A larger veriaty of memory cards. Especially class 6 cards. And some SD cards for the wii wouldnt be all that bad. Some more chip choises for the wii also. 

Is the shop going to be restricted to mostly nintendo products?


----------



## House Spider (Apr 7, 2010)

A shoptemp bag, like the logo.


----------



## Deleted User (Apr 7, 2010)

portable screens!! 
	

	
	
		
		

		
		
	


	





i mean the ones for ps2, gc, wii, whatever!!


----------



## DeMoN (Apr 7, 2010)

DS Wifi adapter
More replacement cases (particularly the transparent blue color) 

I hope to see those added in the near future.


----------



## ericling (Apr 7, 2010)

A built in currency converter? 
Make user friendly


----------



## qwsed (Apr 7, 2010)

One thing that i think is essential and comes with no cost for you at all is that you mark the packages as gifts. If thats done atleast in the EU we get our product toll-tax free (Most of the times). You can also mark the package is worth like 20$ instead of the real deal (if its alot more). That will help too


----------



## shadow1w2 (Apr 7, 2010)

been looking to get the XMB Wii to USB video adapter for a long time.
Console Source stoped carrying them so I've had to look for other suppliers.
Rather expensive though so still waiting to get enough cash to spend on the darn thing anyway.

Some old GBA flash carts and repair parts for older machines etc would be nice.
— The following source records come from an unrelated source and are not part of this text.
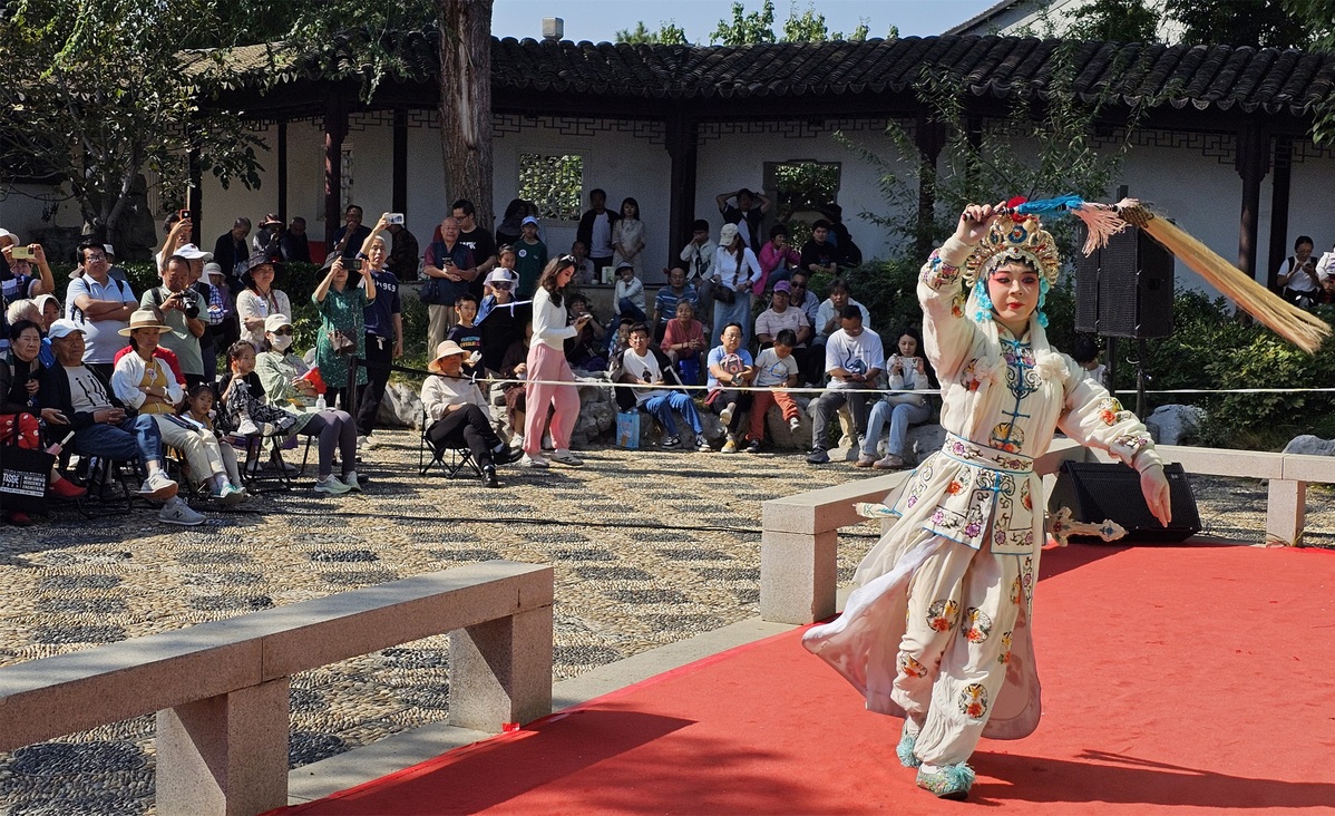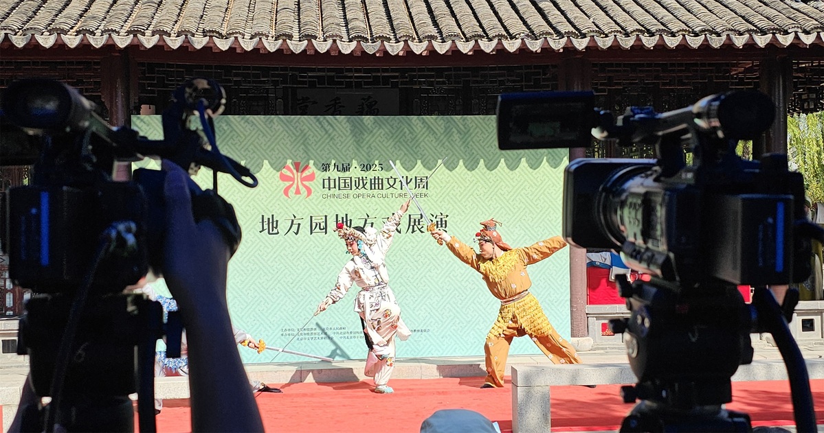 中国日报10月2日电(记者 耿菲菲)2025年9月29日至10月5日,第九届中国戏曲文化周在北京园博园举行。来自全国各地的多家戏曲艺术表演团体在园林之中献上精彩演出,打造了没有围墙的“戏曲大观园”。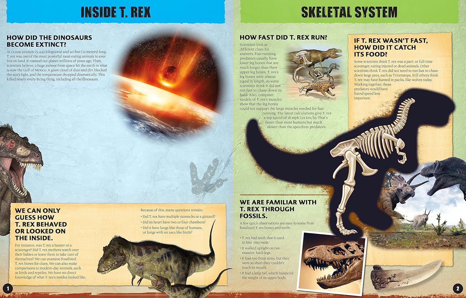 You won’t need a time machine to see this giant, fearsome predator in amazing detail! Each page of Inside Out T Rex brings you even deeper into the world of the Tyrannosaurus rex. Explore all your questions about this incredible creature, including: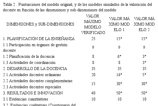 Así, en el primer modelo simulado (Modelo 1), tal y como se ilustra en la Tabla 2, la sub-dimensión Planificación de la docencia (1.2) pasa a tener un máximo de 6 puntos en lugar de 8. Y el máximo de esta dimensión 1 (Planificación de la enseñanza) queda disminuido a un máximo de 15. En la misma línea, la dimensión 2 Desarrollo de la docencia, mantiene su peso; sin embargo, la sub-dimensión de Actividades docentes ordinarias (2.1) baja a 16 puntos en lugar de 20, mientras que las Actividades docentes complementarias y especiales (2.2 y 2.3) elevan conjuntamente su valor máximo a 30 en lugar de 15. Finalmente, haber disminuido en 10 puntos la dimensión 1 Planificación de la enseñanza permitió aumentar la magnitud de la dimensión 3 Resultados e Innovación, pudiendo así alcanzarse un máximo de 50 puntos, en lugar de los 40 con el Modelo verificado. La sub-dimensión Evidencias cualitativas (3.2) aumenta su tope de 20 a 25 puntos y Formación e innovación (3.3) junto aotros méritos (3.4) pasa de 10 a 20 puntos máximos.

Spare Gamecube parts, old dreamcasts, maybe just used console and accories too perhaps.


----------



## fartos32 (Apr 7, 2010)

SNES and N64 flash carts that work on PAL would be great.


----------



## Deleted User (Apr 7, 2010)

*I believe that having a Class 6 mSDHC card would be great.*


----------



## Toni Plutonij (Apr 7, 2010)

For starters, I'd like to see some earphones added


----------



## The Pi (Apr 7, 2010)

Toni Plutonij said:
			
		

> For starters, I'd like to see some earphones added


+1

plus stuff to dump roms and saves from ds, gba, gbc

edit:

3in1 for phat

iplayer

slot 2 with rtc


----------



## BoxShot (Apr 7, 2010)

Toni Plutonij said:
			
		

> For starters, I'd like to see some earphones added


+1 Maybe some cheap fiio amps too.
Some usb to other controllers.
DS phat stuff.


----------



## Sir-Fritz (Apr 7, 2010)

+1 to the gba sized ezflash 3 in 1 for ds phats.


----------



## Splych (Apr 7, 2010)

+1 to more NDS Replacement Case. Preferable the clear/translucent ones


----------



## Dangy (Apr 7, 2010)

DS Phat accessories. 

Phat (GBA Sized) EZ Flash 3in1.


----------



## _Chaz_ (Apr 7, 2010)

Perhaps some PSP accessories.


----------



## gameguy95 (Apr 7, 2010)

Guild McCommunist said:
			
		

> - Blank CD's and DVD's: Simple enough.


that and:
(micro)sd's
DS Mod kits (e.g. triwing screwdriver, replacement fuses, replacement shell, etc...)


----------



## zeromac (Apr 7, 2010)

3DS with a discount when its out


----------



## v13j0 (Apr 7, 2010)

just one thing.... volume discounts


----------



## Linkpal (Apr 7, 2010)

Are there any plans to carry an EZFlash 3-in-1 for the original DS? This is pretty much the deciding factor between the DSTWO and an Acekard 2i for me.


----------



## rich333 (Apr 7, 2010)

controller adaptors for wii, ie: snes to gc adaptor, sega to gc adaptor, ps1 to classic controller adaptor


----------



## redact (Apr 7, 2010)

gameboy/color stuff such as this $4 gbc case which has surprisingly good build quality 
	

	
	
		
		

		
		
	


	



as well as maybe some gameboy flash kits (for lsdj, etc..)


----------



## nycsam786 (Apr 7, 2010)

I am not sure if I over looked it but possibly to have instructions for replacing the DS Lite Replacement case somewhere in a tab in PDF format. Obviously this does not have to be geared toward the case in specific but in a broader spectrum just to provide instructions on the items that you have to offer.


----------



## Schizoanalysis (Apr 7, 2010)

EZ Flash IV
Sega Saturn mod chip
Sega Saturn Action Replay 4 in 1
Nintendo 64 to Wii(mote) controller converter
Gameboy/GBC Flash Cart


... & bulk rate discount



... and instructions for replacing PSP 2000 cases...


----------



## astrangeone (Apr 7, 2010)

Bulk discounts, replacement stylii, more information on how to use the products (lots of stuff about cases and I think it would help sales if there was a direct link on the page)...


----------



## ecchi (Apr 7, 2010)

I'd like to see some NDSi XL accessories, screen protectors ect.


----------



## Schizoanalysis (Apr 7, 2010)

I would like to see an option where the box can be posted in disassembled (flat) form.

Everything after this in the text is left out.